Control of distant micro-metastases is essential, as they have often occurred by the time of diagnosis. Adjuvant chemotherapy has revolutionised treatment, typically started as "neo-adjuvant" chemotherapy before surgery and continued afterward. Common multi-drug combinations include high-dose Methotrexate, Ifosfamide, Cisplatin, and Adriamycin. These drugs are highly toxic and must be administered in specialized centres. Long-term follow-up occurs every $6-8$ weeks to detect recurrence or lung metastasis early. Without treatment, death typically occurs within $2$ years and often within $6$ months of detecting metastasis. Surgery alone offers a $20$ per cent $5$-year survival rate, which increases to as high as $70$ per cent with adjuvant chemotherapy.
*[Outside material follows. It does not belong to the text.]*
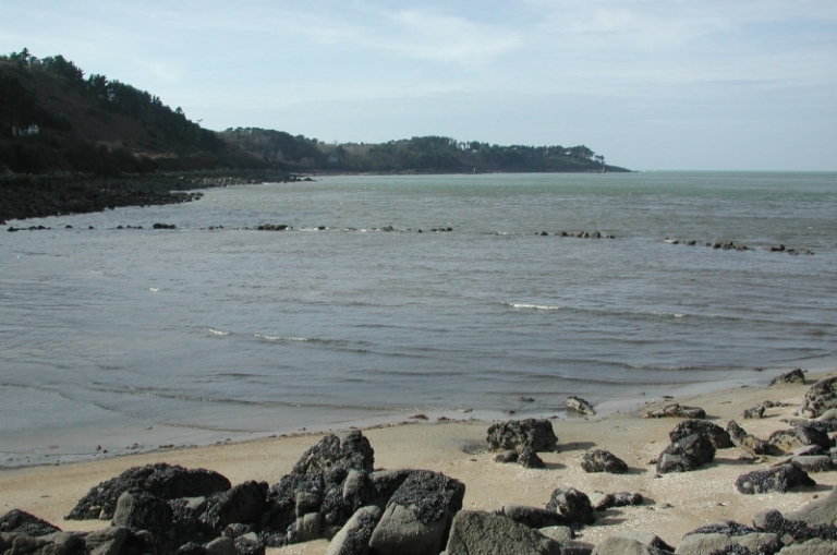 Vue générale l'anse de la Vierge à marée montante : la pêcherie est presque recouverteImmatriculation
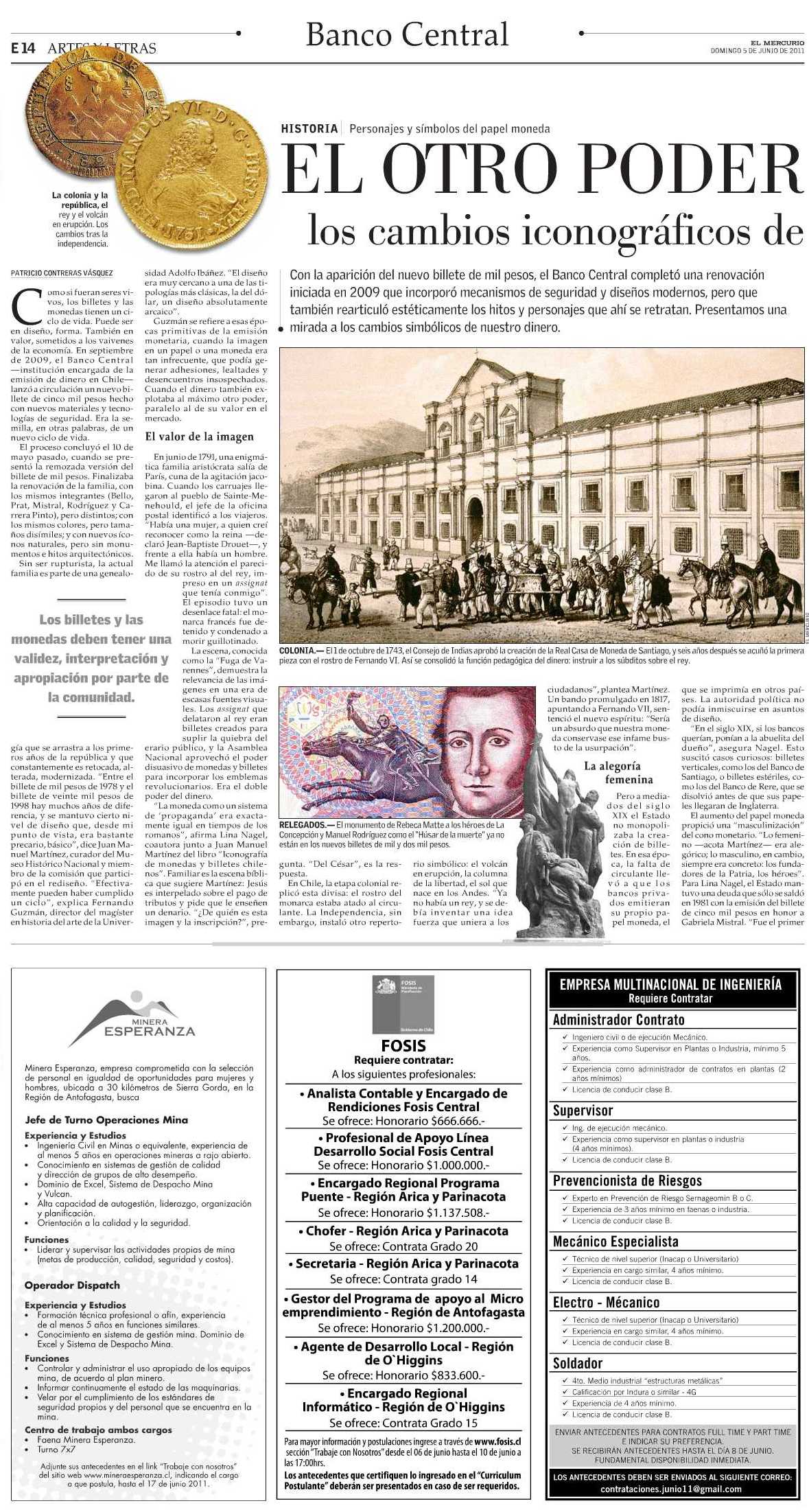 Sin ser rupturista, la actual familia es parte de una genealogía que se arrastra a los primeros años de la república y que constantemente es retocada, alterada, modernizada. «Entre el billete de mil pesos de 1978 y el billete de veinte mil pesos de 1998 hay muchos años de diferencia, y se mantuvo cierto nivel de diseño que, desde mi punto de vista, era bastante precario, básico», dice Juan Manuel Martínez, curador del Museo Histórico Nacional y miembro de la comisión que participó en el rediseño. «Efectivamente pueden haber cumplido un ciclo», explica Fernando Guzmán, director del magíster en historia del arte de la Universidad Adolfo Ibáñez. «El diseño era muy cercano a una de las tipologías más clásicas, la del dólar, un diseño absolutamente arcaico».

Secondary and Parosteal Osteosarcoma

Secondary osteosarcoma develops in bone already affected by pre-malignant diseases and is typically seen in patients over $40$ years of age. Its treatment follows the same lines as conventional osteosarcoma. Parosteal osteosarcoma is a distinct type arising in the region of the periosteum. It is a slower-growing, low-grade tumour usually seen in adults, with the common site being the lower end of the femur. Because it is low grade, chemotherapy is not indicated, and the prognosis is considered much better than that of conventional osteosarcoma.

Ewing's Sarcoma

Ewing’s Sarcoma is a highly malignant tumour occurring most frequently between the ages of $10-20$ years, though it can occur up to the age of $30$. It commonly affects long bones ($2/3$ of cases), particularly the femur and tibia, while the remaining $1/3$ of cases involve flat bones like the pelvis and ribs. It is known for its multicentric origin. The tumour typically begins in the diaphysis of the long bone. Gross pathology shows the tumour involving a large area or even the entire medullary cavity. The tissue is soft, friable, and may be thin, sometimes appearing liquid. As the tumour grows, the bone may expand, and the periosteum may show subperiosteal new bone formation. The tumour eventually ruptures through the cortex and extends into the soft tissues. Histopathologically, it is characterized by sheets of uniform, small round cells that resemble lymphocytes, often forming rosettes around a central clear area. This tumour grows rapidly and metastasizes early through the bloodstream to the lungs and other bones. Clinical features include pain and swelling, often with associated fever and malaise, which sometimes leads to it being confused with osteomyelitis.